76 broken pottery sherds were found during the dig, coming from at least 43 different handmade vessels. The sherds were all small and undecorated and so were difficult to date. As no cremated bone was found with the pottery we can assume that the vessels were used for cooking and storage rather than for burial of cremated bones. The pottery found inside the cist is likely to be the same date as the burial, while the pottery found in the nearby trenches was more characteristic of a later Iron Age farm, dating from about 500 BC to AD 300.

15 flints were also discovered during the dig. One was a post-medieval gunflint found in trench 3. Another was a Mesolithic blade from the bottom of the cist. (The Mesolithic period lasted from about 9600 to 4000 BC, which was before farming, when people lived by hunting and gathering). Inside the cist was a beautiful flint scraper, which could have been buried with the body. The remaining flints were not characteristic of any particular period, but do support the idea of prehistoric people living and farming in the area.

The dig was visited at some point by all the pupils from the Tiree School and, despite the weather, they were able have a go with the geophysics equipment and get their hands dirty on site.
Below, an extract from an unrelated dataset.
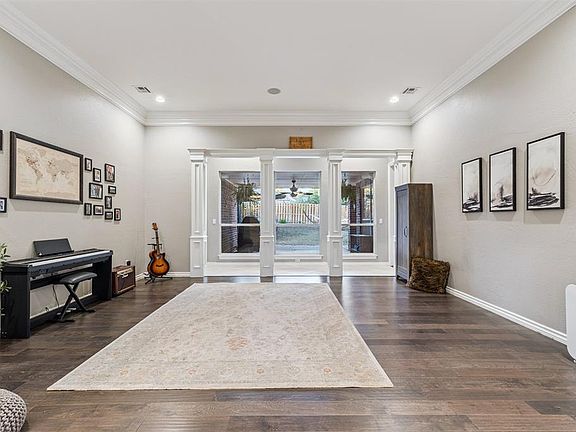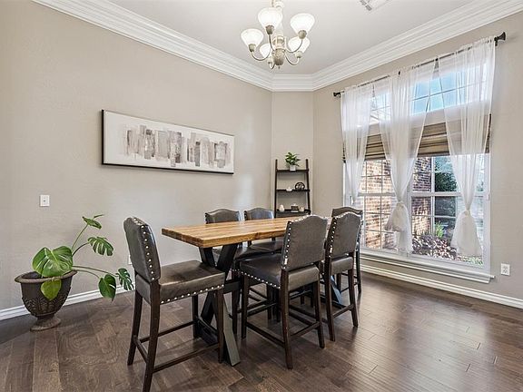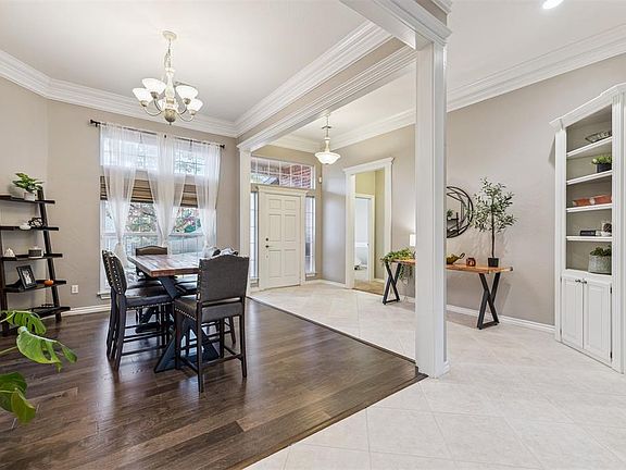 Perfectly situated on a peaceful cul-de-sac street, this stunning home has mature trees and a beautiful covered entry with stone accents. Step into a home designed for comfort and connection. The main living spaces feature rich hardwood floors, elegant crown molding, and expansive windows. A versatile flex room offers endless possibilities — perfect as a music room, formal living area, or home office —accented by stately millwork and a wall of windows overlooking the backyard. The family room is warm and welcoming, anchored by a beautiful stone fireplace and surrounded by built-in cabinetry. The open layout flows seamlessly into the kitchen and breakfast nook areas, making it ideal for entertaining. The inviting kitchen blends rustic charm with modern luxury. Granite countertops, stainless steel appliances, including Thermador double ovens, and a spacious center island. The primary bedroom offers a tray ceiling, crown molding and large windows that overlook the backyard and easily accommodates a king-size bed with additional furniture. The luxurious primary bathroom features dual vanities with beautiful granite countertops and custom wood cabinetry affording ample storage, a spa-like soaking tub and a separate shower. In addition to the four spacious bedrooms, there is also a large upstairs bonus room. Experience the perfect outdoor retreat right in your own backyard featuring an expansive covered patio and a custom pergola with a stone fireplace, built-in grill, sink, and counter space. Enjoy access to a pathway that leads to the back of the school. The neighborhood features walking and jogging trails, a neighborhood pool and two ponds. The home also has a Nuvo sound system, ethernet wiring, touch screen panels, along with pre-wiring for both surround sound and security cameras. Seller reserves the hot tub, kitchen and garage refrigerators, chiller and TVs (brackets will remain).

Thanks are due to Fiona MacKinnon of Lodge Farm who initially highlighted the site and followed the dig’s progress with huge interest. Many thanks are also due to the Argyll Estates for permission to dig there, the volunteers who did a lot of the work and all the visitors, young and old, who kept us on our toes!
Dr Heather James, Caluna Archaeology

‘Less than 150 yards from Lodge Farm house in Cnoc an Fhoimheir (Giant’s Hillock). The MacKinnon family down the generations were aware of this site of antiquity and treated it with respect, not ploughing over it or disturbing it in any way. However, a Department of Agriculture Tractor whose driver was unaware of the significance of the area dislodged a large stone slab [in 1944] underneath which was the skeleton of a very large man in a sitting position in a stone-lined kist.’ (Hector MacPhail (1998) ‘The Township History of Kirkapol’)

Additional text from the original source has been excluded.